# [ASSIGNMENT]
Please set down exactly the lines of the listing below from the line containing "Изначально, когда рождается" through the line containing "編集後、『 メールボックスの同期設定を変更 』をクリックします。", both lines included, leaving out all other lines.

# [GIVEN ENTRIES]

****

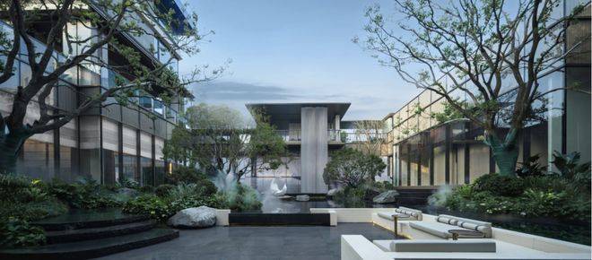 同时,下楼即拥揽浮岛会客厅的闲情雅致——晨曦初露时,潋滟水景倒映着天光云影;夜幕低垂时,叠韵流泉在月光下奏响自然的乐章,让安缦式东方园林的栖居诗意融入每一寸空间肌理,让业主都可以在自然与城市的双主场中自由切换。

****

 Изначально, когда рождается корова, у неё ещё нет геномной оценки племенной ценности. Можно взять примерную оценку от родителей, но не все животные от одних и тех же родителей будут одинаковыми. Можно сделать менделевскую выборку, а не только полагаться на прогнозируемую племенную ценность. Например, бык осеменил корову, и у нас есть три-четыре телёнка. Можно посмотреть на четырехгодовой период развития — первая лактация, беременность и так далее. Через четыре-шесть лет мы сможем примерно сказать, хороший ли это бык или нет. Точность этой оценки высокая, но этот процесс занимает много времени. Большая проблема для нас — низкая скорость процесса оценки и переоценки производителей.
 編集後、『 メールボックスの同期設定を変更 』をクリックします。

****

# [OUTPUT BELOW]
 Изначально, когда рождается корова, у неё ещё нет геномной оценки племенной ценности. Можно взять примерную оценку от родителей, но не все животные от одних и тех же родителей будут одинаковыми. Можно сделать менделевскую выборку, а не только полагаться на прогнозируемую племенную ценность. Например, бык осеменил корову, и у нас есть три-четыре телёнка. Можно посмотреть на четырехгодовой период развития — первая лактация, беременность и так далее. Через четыре-шесть лет мы сможем примерно сказать, хороший ли это бык или нет. Точность этой оценки высокая, но этот процесс занимает много времени. Большая проблема для нас — низкая скорость процесса оценки и переоценки производителей.
 編集後、『 メールボックスの同期設定を変更 』をクリックします。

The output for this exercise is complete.